◆ Task to complete ◆
The pictures in the data below are to be omitted; all else must be duplicated exactly.

*** Opening of Supplied data ***

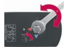
停電時、バルブの手動開閉可能
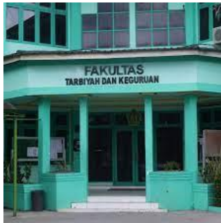
Kantor Fakultas Tarbiyah dan Keguruan Kampus UIN Antasari Banjarmasin
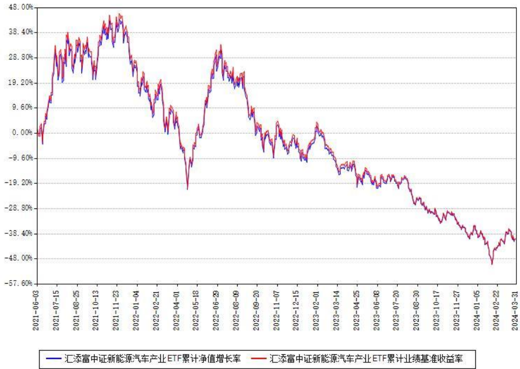
汇添富中证新能源汽车产业ETF累计净值增长率与同期业绩基准收益率对比图
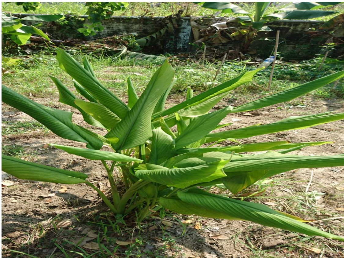
新化國中蔬果實驗園區第2區 上圖是薑黃
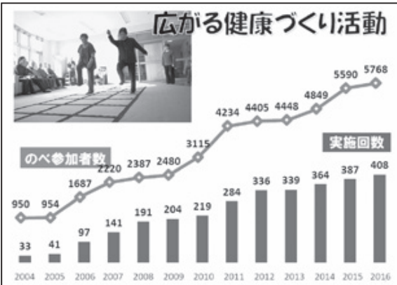
健康づくり活動は408回取り組まれ、のべ5,768人が参加。回数・参加者数とも過去最高を更新しました
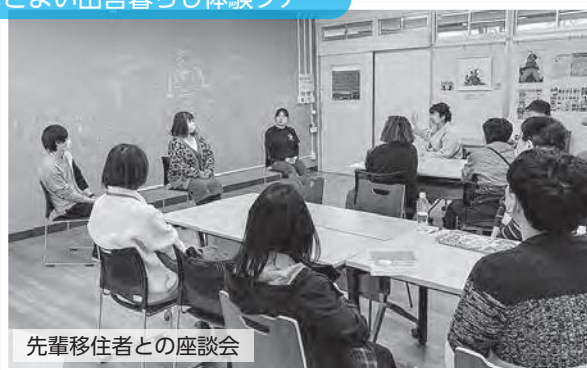
先輩移住者との座談会

広野町移住定住事業の一環である「インターン地域交流活動支援事業」が3月21日（木）の成果報告会をもって無事終了いたしました。約1か月間、全国から選出された学生6名が町内企業3社にインターンとして入り活動しました。企業の課題解決に向けて学生たちが町内で情報収集し調査したものをまとめ、企業への提案資料として成果報告会で発表しました。発表内容は箒平地区までドローンを飛ばすための課題解決やゼロカーボンを達成させるための取組、キッチンスタジオの利用促進など様々でした。今後も学生たちが広野町に継続して足を運び、関係人口として繋がりが継続していくような取り組みができればと思います。

*** Close of Supplied data ***

◆ Exercise solution ◆
停電時、バルブの手動開閉可能
Kantor Fakultas Tarbiyah dan Keguruan Kampus UIN Antasari Banjarmasin
汇添富中证新能源汽车产业ETF累计净值增长率与同期业绩基准收益率对比图
新化國中蔬果實驗園區第2區 上圖是薑黃
健康づくり活動は408回取り組まれ、のべ5,768人が参加。回数・参加者数とも過去最高を更新しました
先輩移住者との座談会

広野町移住定住事業の一環である「インターン地域交流活動支援事業」が3月21日（木）の成果報告会をもって無事終了いたしました。約1か月間、全国から選出された学生6名が町内企業3社にインターンとして入り活動しました。企業の課題解決に向けて学生たちが町内で情報収集し調査したものをまとめ、企業への提案資料として成果報告会で発表しました。発表内容は箒平地区までドローンを飛ばすための課題解決やゼロカーボンを達成させるための取組、キッチンスタジオの利用促進など様々でした。今後も学生たちが広野町に継続して足を運び、関係人口として繋がりが継続していくような取り組みができればと思います。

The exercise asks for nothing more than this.